Die Umfeldanalyse besteht aus drei Teilschritten. Zum einen der Bestimmung des Szenariofeldes. Hier wird der Fokus auf den Kern der zu bearbeitenden Fragestellung gelenkt. Die Fragestellung wird näher umrissen und auf einen Zeitraum, einen Ort und einen bestimmten Inhalt gelegt.

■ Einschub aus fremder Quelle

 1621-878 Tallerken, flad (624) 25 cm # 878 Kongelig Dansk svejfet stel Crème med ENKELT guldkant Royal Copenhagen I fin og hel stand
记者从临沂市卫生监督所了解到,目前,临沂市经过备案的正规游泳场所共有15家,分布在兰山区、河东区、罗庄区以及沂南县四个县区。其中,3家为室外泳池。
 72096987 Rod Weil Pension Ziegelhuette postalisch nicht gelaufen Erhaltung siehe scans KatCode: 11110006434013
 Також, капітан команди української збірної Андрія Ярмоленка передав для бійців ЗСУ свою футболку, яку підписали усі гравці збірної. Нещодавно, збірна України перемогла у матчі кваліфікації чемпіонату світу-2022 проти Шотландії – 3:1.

Als zweiter Teilschritt folgt dann die Identifikation von Einflussfaktoren. Zunächst wird hierbei das globale Umfeld des Unternehmens untersucht, dann die Branche und zum Schluss das Unternehmen selbst. Zur besseren Strukturierung der Einflussfaktoren bietet sich eine STEEP-Analyse an. Dabei werden soziale, technische, ökonomische, ökologische und politische Faktoren unterschieden. Die Einflussfaktoren werden zugeordnet und in ihrer Wichtigkeit priorisiert. Dieser Schritt dient dazu, die wichtigsten Trend und Herausforderungen zu erkennen und abzubilden. Und zudem dazu, auch Akteure im eigenen Handlungsfeld und der Unternehmensumwelt zu erkennen.

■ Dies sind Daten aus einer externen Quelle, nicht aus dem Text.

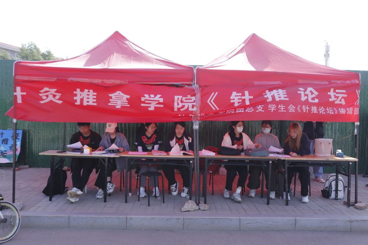 学生会编辑部在健桥摆摊开展第二十二期《针推论坛》的征稿宣传活动。
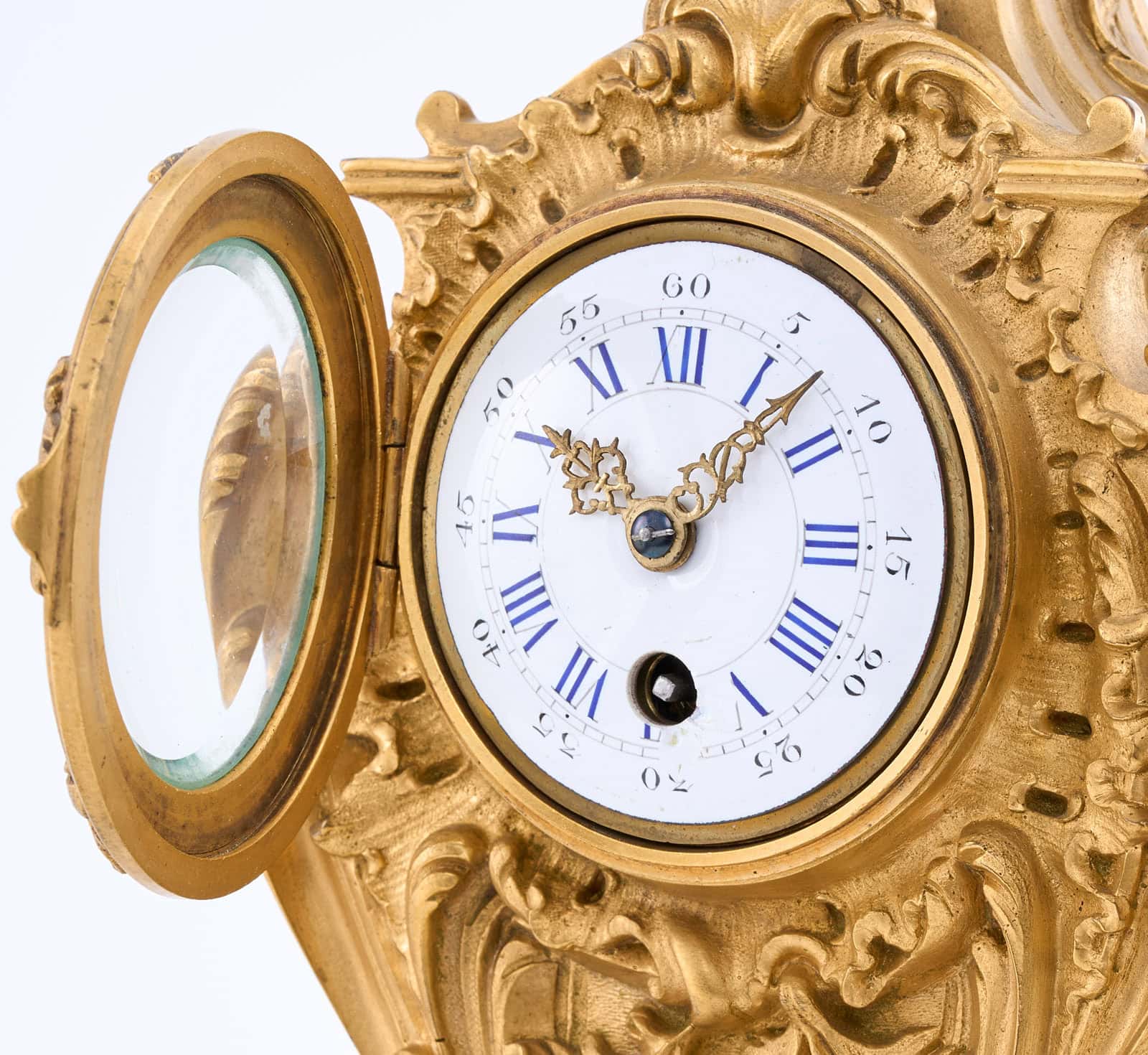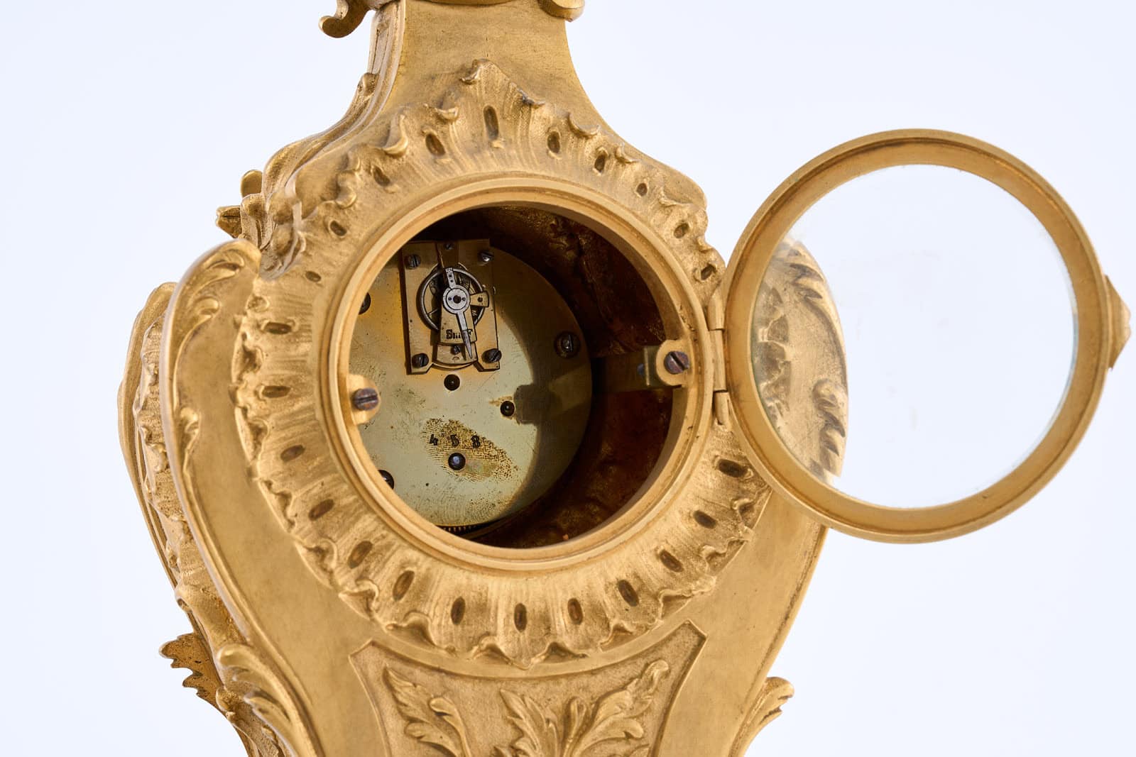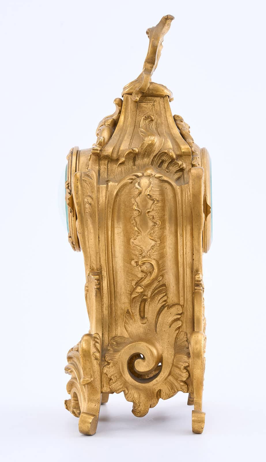 Reliefiertes vergoldetes Bronzegehäuse m.

Im dritten Schritt wird der Unternehmenskern untersucht. Das dient zur Schärfung des eigenen Profils und dazu, für die nächsten Schritte ein gleiches Verständnis bei allen Beteiligten zu schaffen. Wichtige Fragestellungen sind hierbei die zentralen Kundengruppe, deren Bedürfnisse und die eigenen Kernprodukte, Technologien oder Alleinstellungsmerkmalen.

Sonntag, 24. Juli 2011

Szenarioformen: explorativ, normativ und Strategie

Es können drei unterschiedliche Szenarioformen unterschieden werden. Zum einen normative Szenarien, Strategie- und Innovationsszenarien und explorative Szenarien. Alle Szenarien folgen einer ähnlichen Grundstruktur, haben jedoch verschiedene Kernfragen, die sich jeweils auszeichnen. So stellt ein normatives Szenario die Frage nach der „wünschbaren Zukunft“, und wie diese erreicht werden kann. Das Strategie- und Innovationsszenario hat verschiedene Optionen im Blick und stellt die Frage nach neuen Geschäftsfeldern und Entwicklungspotenzialen. Das explorative Szenario stellt die Frage nach „möglichen Zukünften“ und versucht, die Bedingungen und Wahrscheinlichkeiten herauszufiltern.